▶ [Extracted entries]
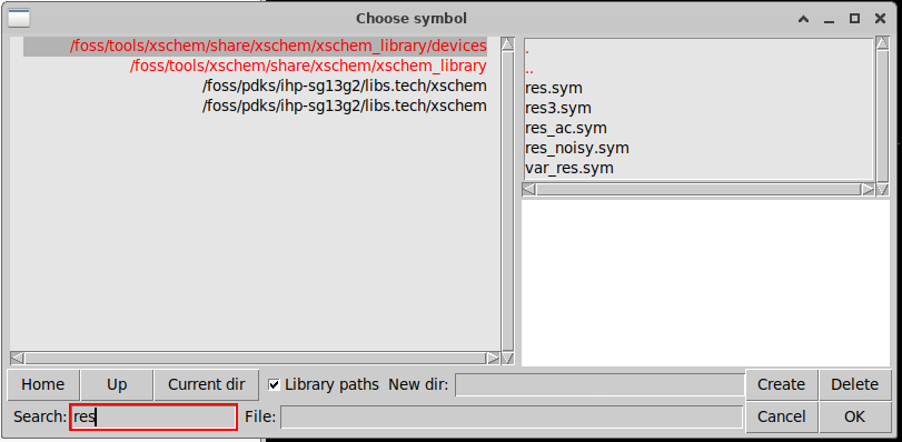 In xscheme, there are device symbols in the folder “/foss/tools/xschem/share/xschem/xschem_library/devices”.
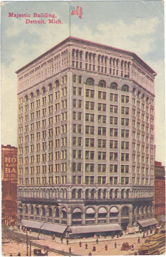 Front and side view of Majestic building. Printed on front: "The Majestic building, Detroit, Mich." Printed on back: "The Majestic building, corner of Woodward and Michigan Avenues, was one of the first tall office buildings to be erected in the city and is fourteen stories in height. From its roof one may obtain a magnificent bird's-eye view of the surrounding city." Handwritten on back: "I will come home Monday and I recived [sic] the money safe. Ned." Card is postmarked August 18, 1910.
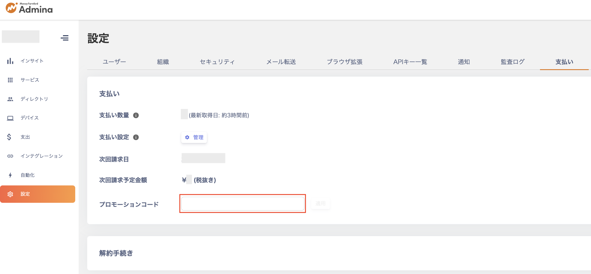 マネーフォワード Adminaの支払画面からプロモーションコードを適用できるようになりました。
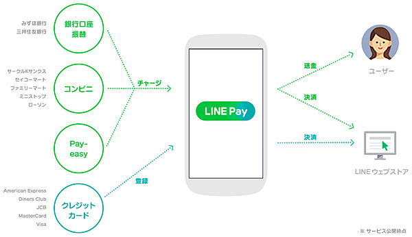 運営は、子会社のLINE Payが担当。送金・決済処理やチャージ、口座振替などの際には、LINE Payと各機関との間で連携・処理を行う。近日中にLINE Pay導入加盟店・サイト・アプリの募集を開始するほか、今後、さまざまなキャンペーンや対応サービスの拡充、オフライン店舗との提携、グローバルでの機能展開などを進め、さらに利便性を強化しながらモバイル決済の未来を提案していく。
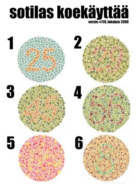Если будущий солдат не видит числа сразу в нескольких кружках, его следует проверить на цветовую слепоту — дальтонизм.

---

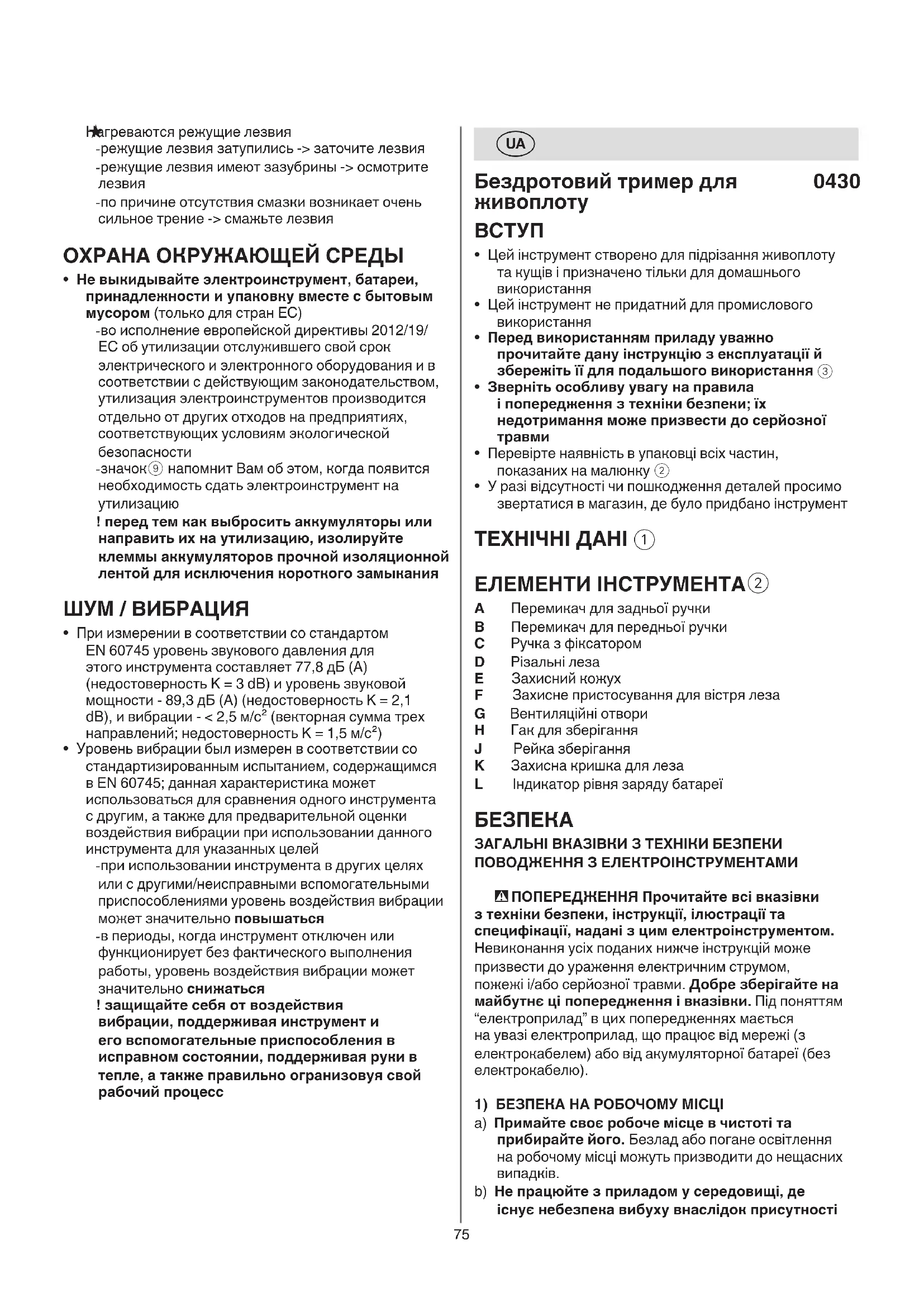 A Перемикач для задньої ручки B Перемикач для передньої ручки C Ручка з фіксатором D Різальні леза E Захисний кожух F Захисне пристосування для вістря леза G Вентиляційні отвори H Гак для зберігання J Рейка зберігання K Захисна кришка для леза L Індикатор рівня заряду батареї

▶ [Problem to work on] Look above for the line with "マネーフォワード Admin" and the line with "Если будущий солдат". Copy them and every line between, exactly, but no pictures.

▶ [Task result]
 マネーフォワード Adminaの支払画面からプロモーションコードを適用できるようになりました。
 運営は、子会社のLINE Payが担当。送金・決済処理やチャージ、口座振替などの際には、LINE Payと各機関との間で連携・処理を行う。近日中にLINE Pay導入加盟店・サイト・アプリの募集を開始するほか、今後、さまざまなキャンペーンや対応サービスの拡充、オフライン店舗との提携、グローバルでの機能展開などを進め、さらに利便性を強化しながらモバイル決済の未来を提案していく。
Если будущий солдат не видит числа сразу в нескольких кружках, его следует проверить на цветовую слепоту — дальтонизм.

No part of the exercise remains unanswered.